Celebrated celery recipes

Celery was often served fresh between courses in the Victorian tradition, but from the 1830s through the mid-1900s it was also a popular menu item itself, in a variety of forms. Celery is one of the most common items to appear on restaurant menus in the New York Public Library’s “What’s On the Menu” website, an archive of more than 17,000 menus from the 1840s to the present. In at least once case, it’s priced higher than caviar, the project’s curator Rebecca Federman says on the episode of Proof devoted to celery. Among the enticing preparations are ”cold jellied essence of celery,” and one menu features “celery fed duckling.”
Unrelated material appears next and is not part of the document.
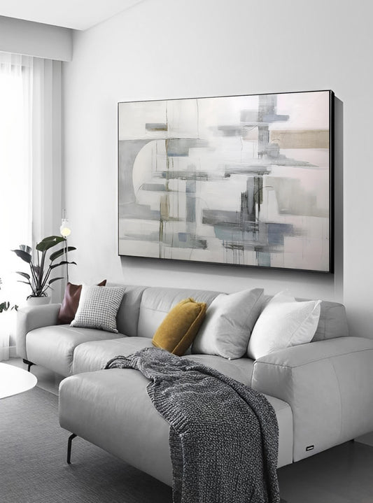 Fertch - Extra Large Gray and Blue Abstract Painting on Canvas

Frequently, fresh celery was paired with a cheese course (an early iteration of the classic after-school snack cream-cheese-stuffed celery sticks, which in turn evolved into “ants on a log”—peanut butter and raisins—by the 1950s). It was also popular on menus as a standalone, according to Taste, served braised, au velouté (in a light gravy), or à la Espagniole (in a rich demi-glace), as well as au natural. An 1895 New York Times recipe for a Thanksgiving-worthy “mayonnaise of celery” called for diced celery covered with mayonnaise and garnished with… celery.

Curative powers

The voice that purportedly told the “Medical Medium” that celery has curative powers wasn’t the first with such an idea. Around 1900, celery began to be marketed as a remedy for a variety of complaints, from pain and anxiety to kidney disease and rheumatism. Celery-inspired gums and tonics were touted as cures for insomnia, malaria, and headaches.

The most famous of these tonics was created in 1868 by the Brooklyn soda company Dr. Brown. The original Celery Tonic was made of “sugar, carbonated water, and crushed celery seeds specifically to nourish Jewish immigrant children in New York’s Lower East Side and Williamsburg” according to Atlas Obscura. After the US Food and Drug Administration objected to the implication of medical use in the word “tonic,” the name was changed to Dr. Brown’s Cel-Ray in the 1900s.

Cel-Ray remains a staple at New York City’s Jewish delis to this day, where it pairs rather well with a pastrami sandwich.